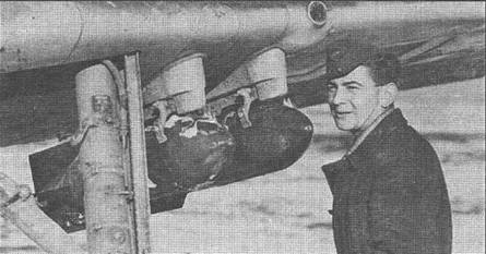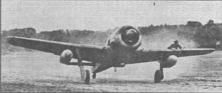 На рулежке – истребитель-бомбардировщик Fw 190G-1. Он вооружался только двумя 20-мм пушками MG 151, но мог нести два 300-л дополнительных бака и 250-кг бомбу при дальности полета в 1500 км. Выпущено 50 шт.
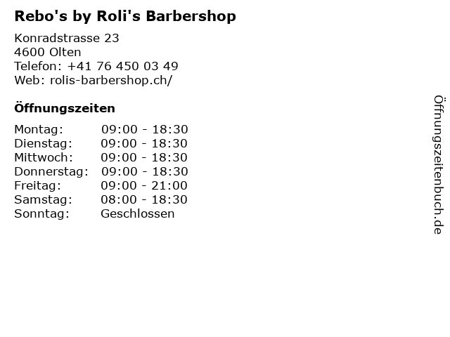 | Öffnungszeiten Rebo's by Roli's Barbershop in Olten anzeigen | |
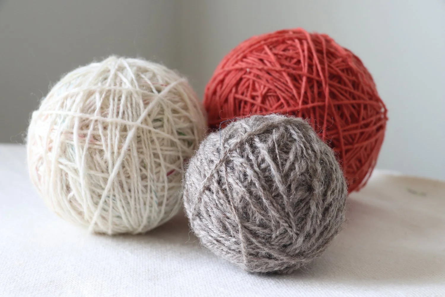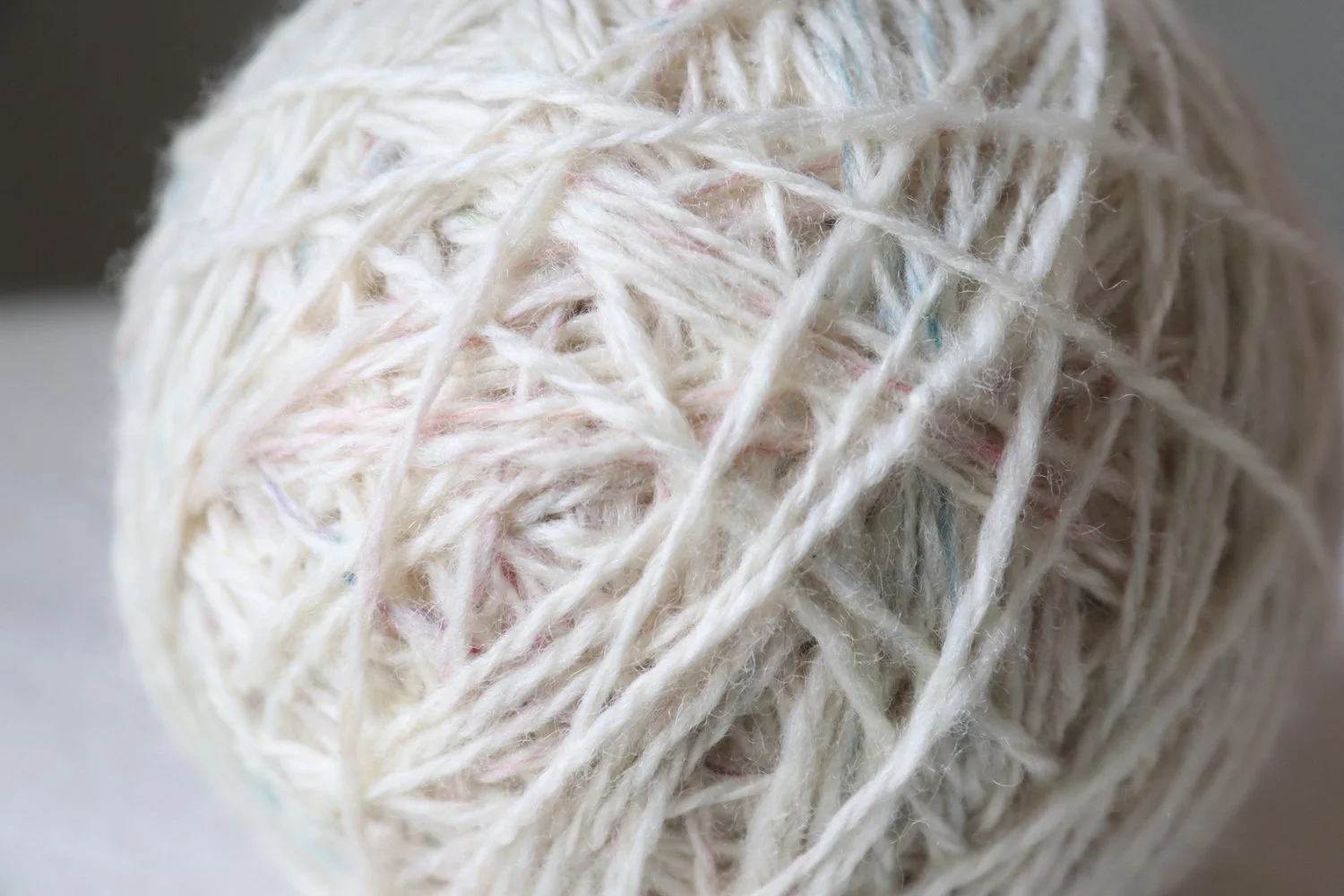 The off-white ball has little flecks of pink and aqua that are hard to see in the photo. They really come alive when put up against the other two yarns.
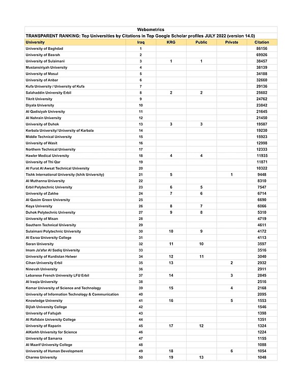 جارێکی دیکە لەسەر ئاستی کوردستان زانکۆی سلێمانی پلەی یەکەمی گرتەوە و لەسەر ئاستی زانکۆکانی عیراقیش پلەی سێیەمی وەرگرتووە، ئەوەش بەپێی ریزبەندی بڵاوکەراوەی (وێبۆمەتریک).
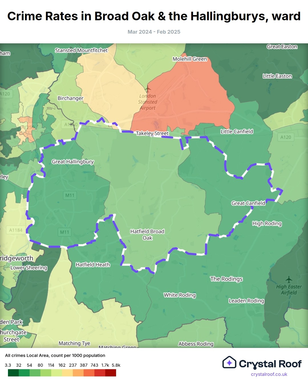 Broad Oak & the Hallingburys (ward) is located within Uttlesford (borough). Annual total crime rate in Uttlesford (borough) is 62.6 crimes per thousand resident population, which can be rated as 2 out of 10 or low crime level compared to other local authority districts in England and Wales.
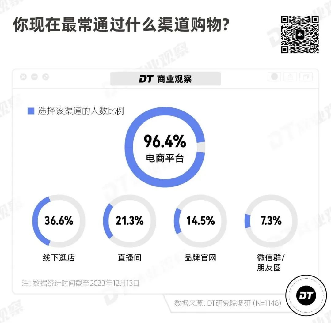 雖然目前人們最常用的購物方式還是電商平臺(96.4%),但有36.6%的人同時選擇了“線下逛店”,高于直播間購物(21.3%)。
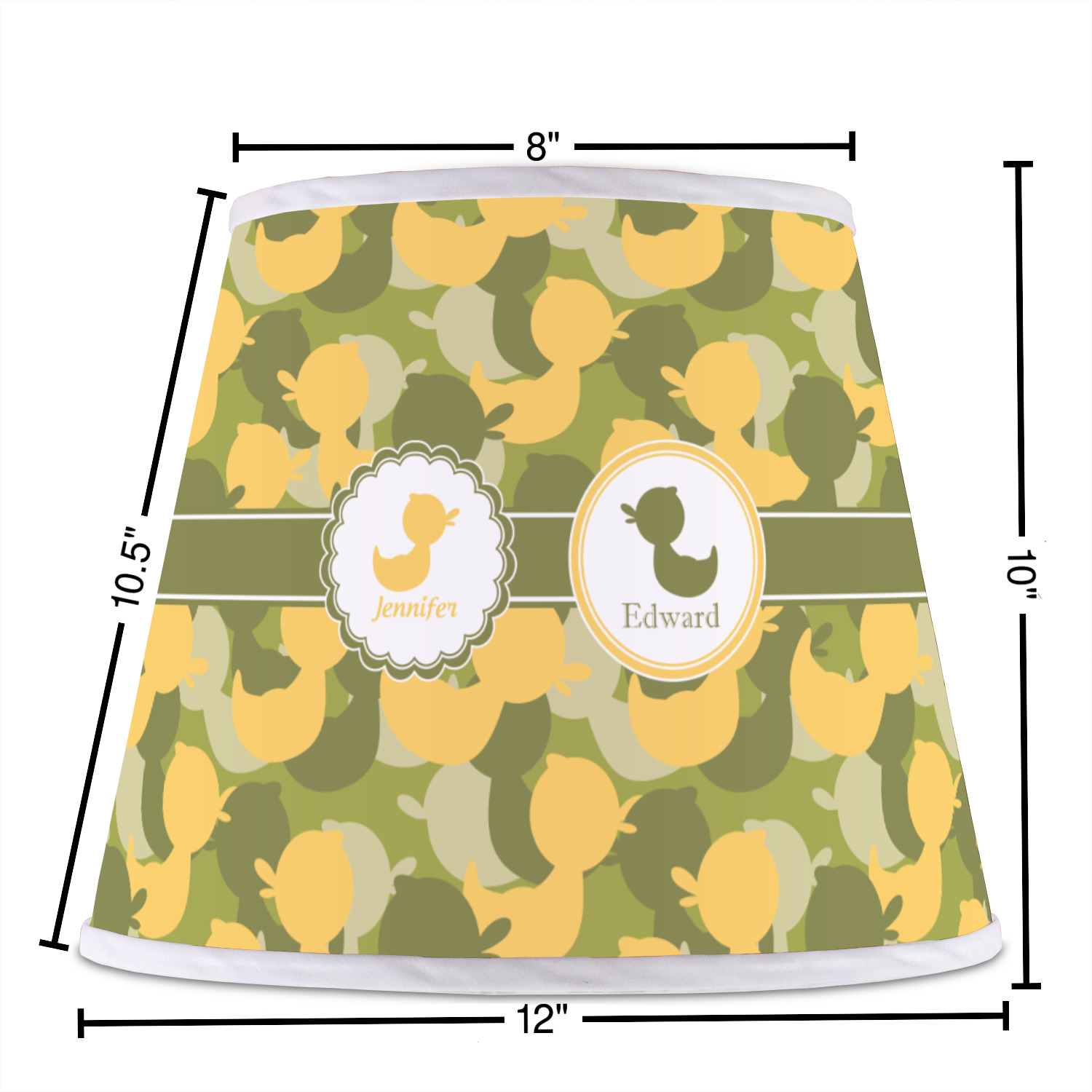 The base of this lampshade is 12 inches in diameter, and the top spans 8 inches in diameter. The total height of the lampshade is 10 inches. The angled nature of this custom lampshade concentrates the light, making it ideal for smaller spaces. This lampshade is made of matte, polyfilm, and displays your customization in its middle. The top and bottom of this colorful lamp shade are lined with a white fabric ribbon (which can be replaced with black inside the design studio) which frames your design and creates a sophisticated finish. As an UNO fitter lampshade, this unique lamp shade will fit a variety of bases.
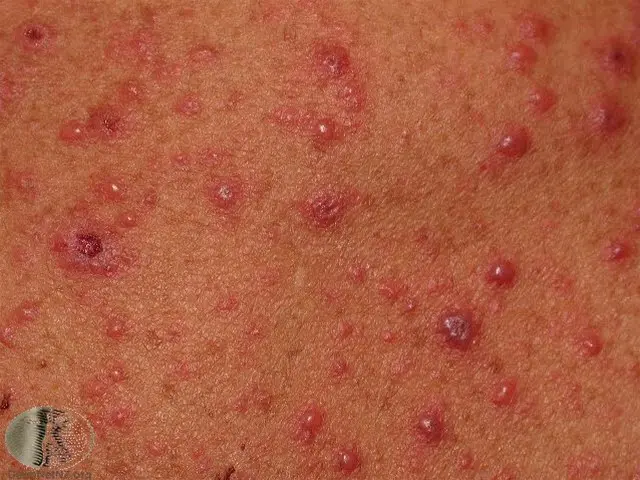 - Der Ausschlag mit Blasen oder Pusteln verbunden ist
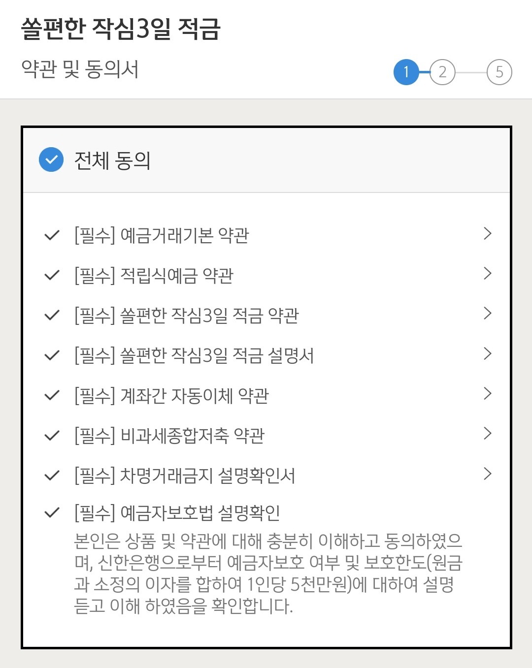 적금 가입하면 약관 동의서 체크해 주시고요.
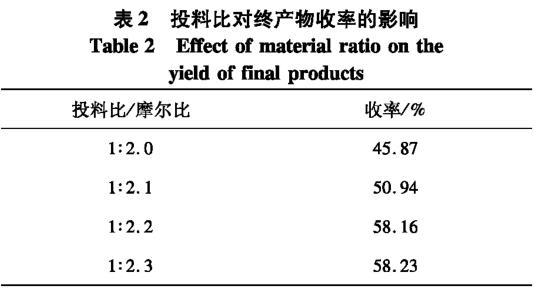 表2投料比對(duì)終產(chǎn)物收率的影響
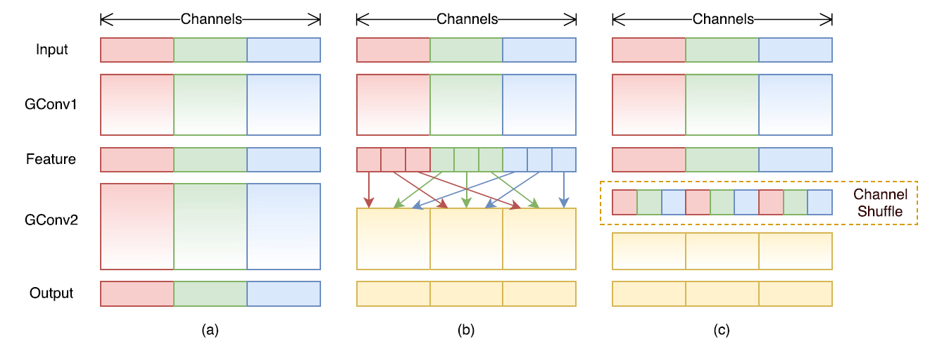 为达到特征之间通信目的,作者提出了 $channel$ $shuffle$。如图 $4$-$a$ 为正常采用组卷积提取出来的特征(相同颜色的通道表示是在同一个 $Group$)。图 $4$-$b$ 就是采用 $channel$ $shuffle$ 思想对 $group$ $convolution$ 之后的特征图进行“重组”,这样可以保证接下了采用的 $group$ $convolution$ 其输入来自不同的组,因此信息可以在不同组之间流转。图 $4$-$c$ 进一步的展示了这一过程并随机,其实是“均匀地打乱”。在程序上实现 $channel$ $shuffle$ 是非常容易的:假定将输入层分为 $g$ 组,总通道数为 $g$×$n$,首先将通道那个维度拆分为 $(g,n)$ 两个维度,然后将这两个维度转置变成 $(n,g)$,最后重新 $reshape$ 成一个维度 $g$×$n$。仅需要简单的维度操作和转置就可以实现均匀的 $shuffle$。采用 $channel$ $shuffle$ 之后就可以充分发挥 $group convolution$ 的优点,完美的避开其缺点啦。
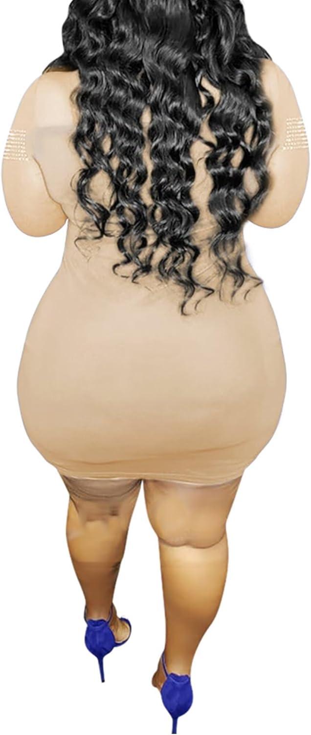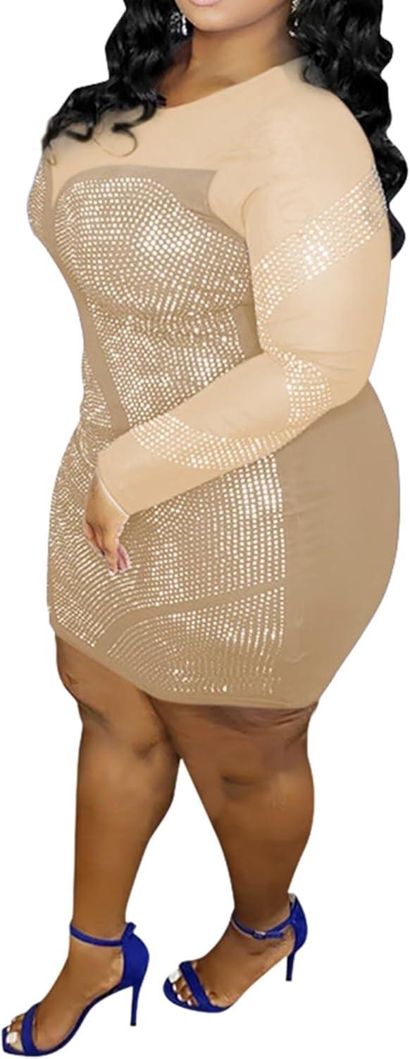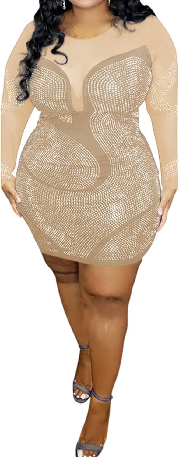 IyMoo Womens Sexy Plus Size Long Sleeve Rhinestone Mesh See Through Bodycon Party Club Mini Dress Clubwear(Beige)
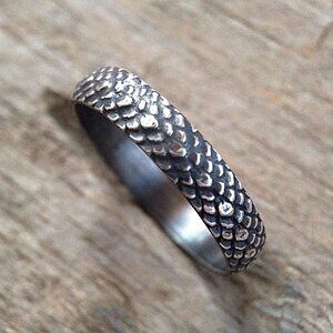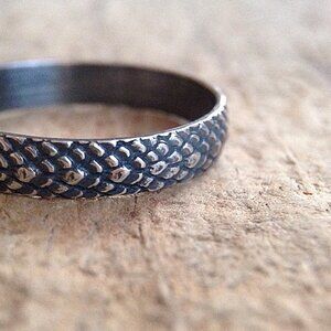 The mermaid scales pattern on this ring is raised so you can feel its awesome texture. Created entirely from solid sterling silver, then given a light oxidized finish. The black patina in the recesses of the metal allows the pattern to stand out. The band measures approximately 4mm wide. This ring is made to order to your size.
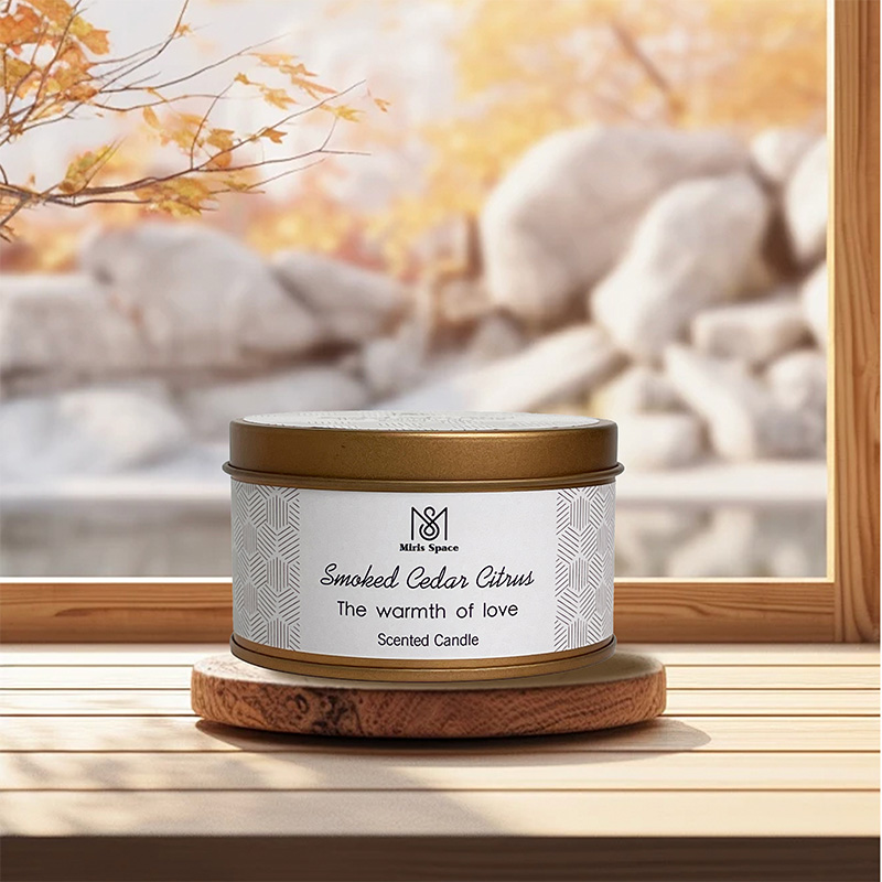 Premium Woody Scent Tin Scented Candle Soy Wax

What you will do
Repeat the records above verbatim, with no pictures in the result.

Response
 На рулежке – истребитель-бомбардировщик Fw 190G-1. Он вооружался только двумя 20-мм пушками MG 151, но мог нести два 300-л дополнительных бака и 250-кг бомбу при дальности полета в 1500 км. Выпущено 50 шт.
 | Öffnungszeiten Rebo's by Roli's Barbershop in Olten anzeigen | |
 The off-white ball has little flecks of pink and aqua that are hard to see in the photo. They really come alive when put up against the other two yarns.
 جارێکی دیکە لەسەر ئاستی کوردستان زانکۆی سلێمانی پلەی یەکەمی گرتەوە و لەسەر ئاستی زانکۆکانی عیراقیش پلەی سێیەمی وەرگرتووە، ئەوەش بەپێی ریزبەندی بڵاوکەراوەی (وێبۆمەتریک).
 Broad Oak & the Hallingburys (ward) is located within Uttlesford (borough). Annual total crime rate in Uttlesford (borough) is 62.6 crimes per thousand resident population, which can be rated as 2 out of 10 or low crime level compared to other local authority districts in England and Wales.
 雖然目前人們最常用的購物方式還是電商平臺(96.4%),但有36.6%的人同時選擇了“線下逛店”,高于直播間購物(21.3%)。
 The base of this lampshade is 12 inches in diameter, and the top spans 8 inches in diameter. The total height of the lampshade is 10 inches. The angled nature of this custom lampshade concentrates the light, making it ideal for smaller spaces. This lampshade is made of matte, polyfilm, and displays your customization in its middle. The top and bottom of this colorful lamp shade are lined with a white fabric ribbon (which can be replaced with black inside the design studio) which frames your design and creates a sophisticated finish. As an UNO fitter lampshade, this unique lamp shade will fit a variety of bases.
 - Der Ausschlag mit Blasen oder Pusteln verbunden ist
 적금 가입하면 약관 동의서 체크해 주시고요.
 表2投料比對(duì)終產(chǎn)物收率的影響
 为达到特征之间通信目的,作者提出了 $channel$ $shuffle$。如图 $4$-$a$ 为正常采用组卷积提取出来的特征(相同颜色的通道表示是在同一个 $Group$)。图 $4$-$b$ 就是采用 $channel$ $shuffle$ 思想对 $group$ $convolution$ 之后的特征图进行“重组”,这样可以保证接下了采用的 $group$ $convolution$ 其输入来自不同的组,因此信息可以在不同组之间流转。图 $4$-$c$ 进一步的展示了这一过程并随机,其实是“均匀地打乱”。在程序上实现 $channel$ $shuffle$ 是非常容易的:假定将输入层分为 $g$ 组,总通道数为 $g$×$n$,首先将通道那个维度拆分为 $(g,n)$ 两个维度,然后将这两个维度转置变成 $(n,g)$,最后重新 $reshape$ 成一个维度 $g$×$n$。仅需要简单的维度操作和转置就可以实现均匀的 $shuffle$。采用 $channel$ $shuffle$ 之后就可以充分发挥 $group convolution$ 的优点,完美的避开其缺点啦。
 IyMoo Womens Sexy Plus Size Long Sleeve Rhinestone Mesh See Through Bodycon Party Club Mini Dress Clubwear(Beige)
 The mermaid scales pattern on this ring is raised so you can feel its awesome texture. Created entirely from solid sterling silver, then given a light oxidized finish. The black patina in the recesses of the metal allows the pattern to stand out. The band measures approximately 4mm wide. This ring is made to order to your size.
 Premium Woody Scent Tin Scented Candle Soy Wax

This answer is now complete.